スポーツにおける「感覚」は、パフォーマンスを左右する重要な要素。しかし、それは極めて捉えどころのないもの。

今「これだ!」と掴んだ感覚も、次の瞬間には消えてしまう。だからこそ、その瞬間の感覚を言語化し、記録することの重要性に気づいた。
練習中に感覚のひらめきやコツに気づいたら、すぐに一旦プールから上がり、プールサイドのノートに自分の言葉で書き記した。

この気づきは、後の指導現場でも大きな意味を持つことになる。

選手たちにも、「感覚の言語化」を促す。良い感覚をつかんだ瞬間、それを自分の言葉で表現し、記録に残す。それが、確実な成長への近道となる。

どんなスポーツでもビジネスの場面でも、気づきの定着を促したい人はぜひ取り入れてみてほしい。

科学的アプローチの重要性 - スポーツ指導の問題点

「選手を育てるのに、そんなに難しい理論は必要ないんじゃないか」

よく耳にする言葉だ。実際、日本のスポーツ界では指導者になるために特別な免許や資格は必要ない。

「選手上がり」と呼ばれる元選手たちが、自身の経験をもとに指導する。それが、当たり前となっている。

一見、それは理にかなっているように思える。実績のある選手が、その経験を次世代に伝える。その中で、「気合」や「根性」といった精神面も鍛えられる。

しかし、私はそれに反対だ。
それで本当にいいのだろうか?

「きつければ良い」
「苦しい練習なら良い」
「先代から代々受け継いできたから良い」

そんな思い込みによる指導が、どれだけの選手たちの可能性を潰してきただろうか。

特に危険なのは、トップ選手の練習方法やトレーニングを、その本質を理解せずに真似させてしまうケース。雑誌やネット、SNSで配信されたトップ選手の練習方法を、形だけ真似る「情報マウント取りたがりのエセ指導者」が後を絶たない。

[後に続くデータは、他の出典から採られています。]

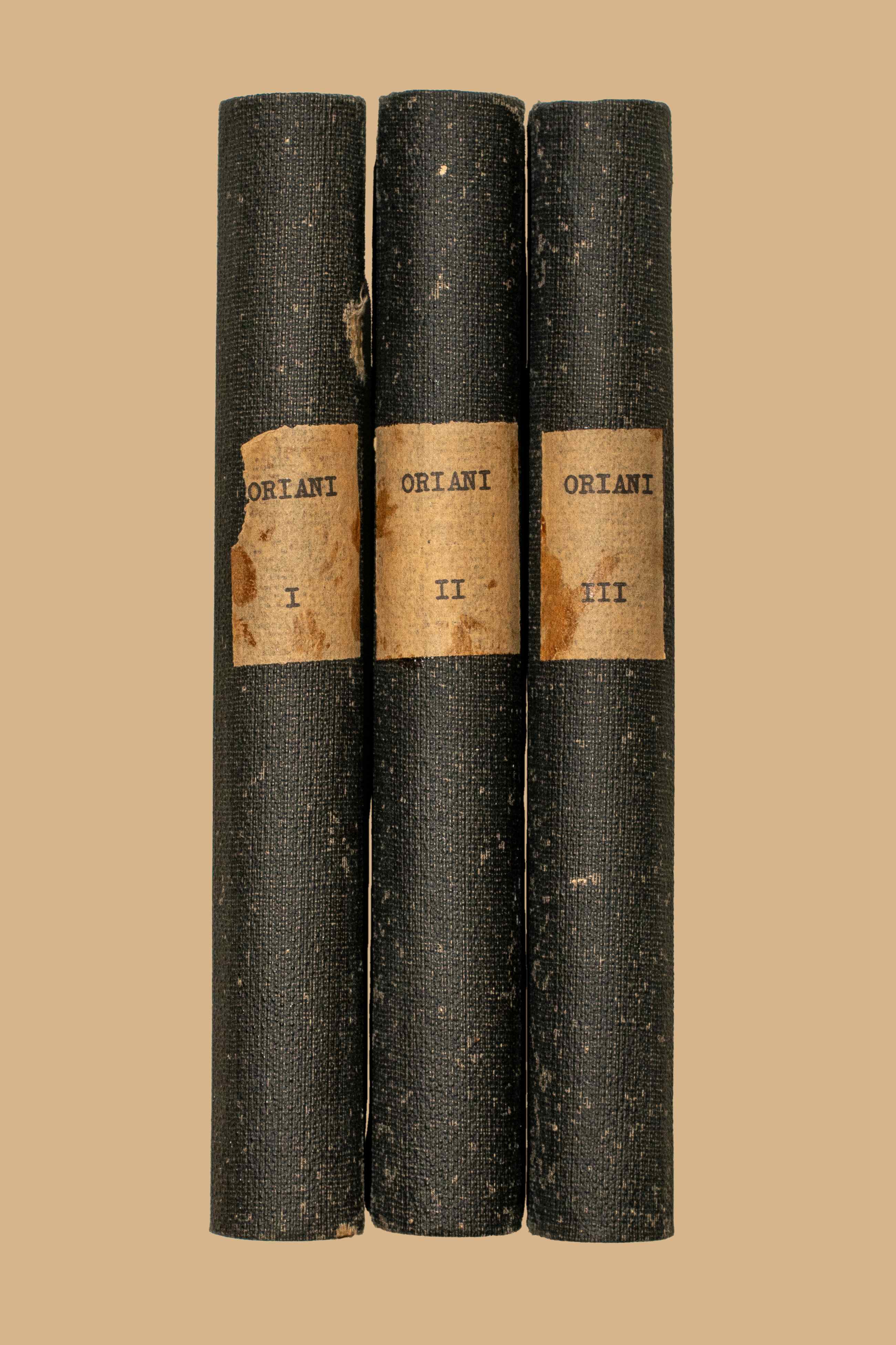 - Mezza legatura con dorso nero e piatti amaranto. Cartellino ds. sul dorso “Oriani I[-III]”. Nel front. del vol. ms. 1 “Humiles miricae. XXIIX-V.XXIII”.

しかし、練習メニューは万人共通ではない。基本中の基本である「トレーニングの3原理・5原則」に基づけば、それは明らかだ。初級者・中級者が上級者と同じ練習メニューを行っても、最大限の効果は得られない。

それどころか、骨格や筋力、関節可動域は個人差が大きい。トップ選手のフォームを単純に真似ても、身体が違う人間に同じ効率性は望めない。むしろ、怪我やパフォーマンス低下のリスクすら伴う。

確かにそれで結果を残せた選手もいるだろう。
でも、それはおそらく指導の影響ではなく、その子のポテンシャルがたまたま高かかっただけという例がほとんどである。

もちろん、科学的アプローチだけが絶対的な答えではない。論文や実験で科学的に証明されていることが、必ずしも現場レベルで通用するとは限らない。

だからこそ、理論と実践のバランスが重要になる。科学的な理論を、いかに現場にアジャストするか。その発想力と実践力が、これからの指導者には求められる。

私自身、プレイヤーとしてある程度のレベルまで到達し、人一倍のトライアンドエラーを重ねてきた。その経験は確かに貴重だ。しかし、その経験だけを頼りに指導することは決してない。

科学的根拠に基づいた理論の中から、最適なものを選び、組み合わせる。そして実践を通じて、常にその効果を検証する。

これこそが「スポーツ指導」である。

指導者としての覚悟

YMCAでの実習から始まり、様々な現場での経験を重ねる中で、私は指導者としての軸を見つけていった。

相手を知ること。これは大人・子どもに限らず、すべての指導、すべてのコミュニケーションの基本だ。個々の特性を理解し、それぞれに合った接し方を見つけていく。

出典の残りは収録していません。